Welcome to our community

Be a part of something great, join today!

Probability of a particular item not being assigned

ATroelstein

New member
Jun 30, 2012
15
Lets say I have M cups and K marbles. All these marbles are blue, except for N of them that are green. At random, I will select a marble and drop it in a cup. The marble will not be returned to the original set of marbles before the next marble is selected. I would like to know the probability that these M cups don't have any of the N green marbles after I drop a marble into each cup. For this, I know the probability that the first cup does get a green marble is $\frac{N}{K}$. Therefore the probability that the cup does not get a green marble is $1 - \frac{N}{K}$. The second cup now has a probability of $\frac{N}{K - 1}$ of getting a green marble, since we have one less marble to randomly select now, which gives if a probability of $1 - \frac{N}{K-1}$ of not having a green marble. Now if I put this all together, I would assume the probability that none of the M cups have a green marbles is the product of all these probabilities for each individual cup not having a green marble.

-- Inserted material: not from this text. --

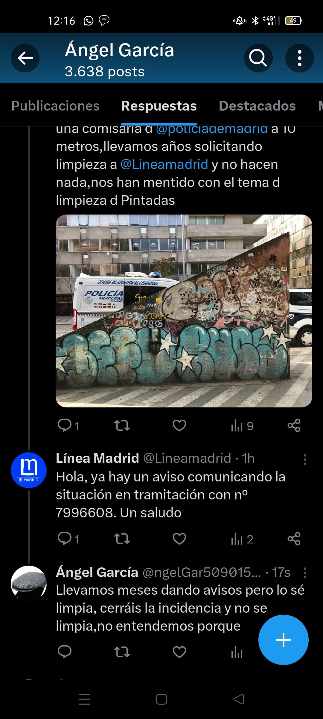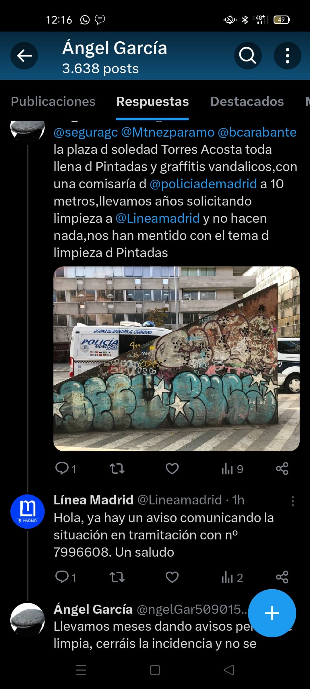 Que los vecinos tengamos que estar denunciando la pintadas tiene narices. Tendrían que ser los municipales los que diesen el aviso. Si no son capaces de impedir que se hagan, que al menos hagan eso.

$(1 - \frac{N}{K}) * (1 - \frac{N}{K - 1}) * (1 - \frac{N}{K - 2}) * ... * (1 - \frac{N}{K - (M-1)})$

I have $K - (M-1)$ as the denominator in the last probability because for the Mth cup, $M - 1$ marbles have been removed from the original set of K marbles. My issue is, in the book I am looking at, it states the probability being

$(1 - \frac{N}{K}) * (1 - \frac{N}{K - 1}) * (1 - \frac{N}{K - 2}) * ... * (1 - \frac{N}{K - M})$

I'm confused as to why their last probability term is $(1 - \frac{N}{K - M})$ as to me it seems like this would be correct if we have $M + 1$ cups. Is there something that I'm missing about how this probability should be calculated? Thanks.
 

Opalg

MHB Oldtimer
Staff member
Feb 7, 2012
2,702
Lets say I have M cups and K marbles. All these marbles are blue, except for N of them that are green. At random, I will select a marble and drop it in a cup. The marble will not be returned to the original set of marbles before the next marble is selected. I would like to know the probability that these M cups don't have any of the N green marbles after I drop a marble into each cup. For this, I know the probability that the first cup does get a green marble is $\frac{N}{K}$. Therefore the probability that the cup does not get a green marble is $1 - \frac{N}{K}$. The second cup now has a probability of $\frac{N}{K - 1}$ of getting a green marble, since we have one less marble to randomly select now, which gives if a probability of $1 - \frac{N}{K-1}$ of not having a green marble. Now if I put this all together, I would assume the probability that none of the M cups have a green marbles is the product of all these probabilities for each individual cup not having a green marble.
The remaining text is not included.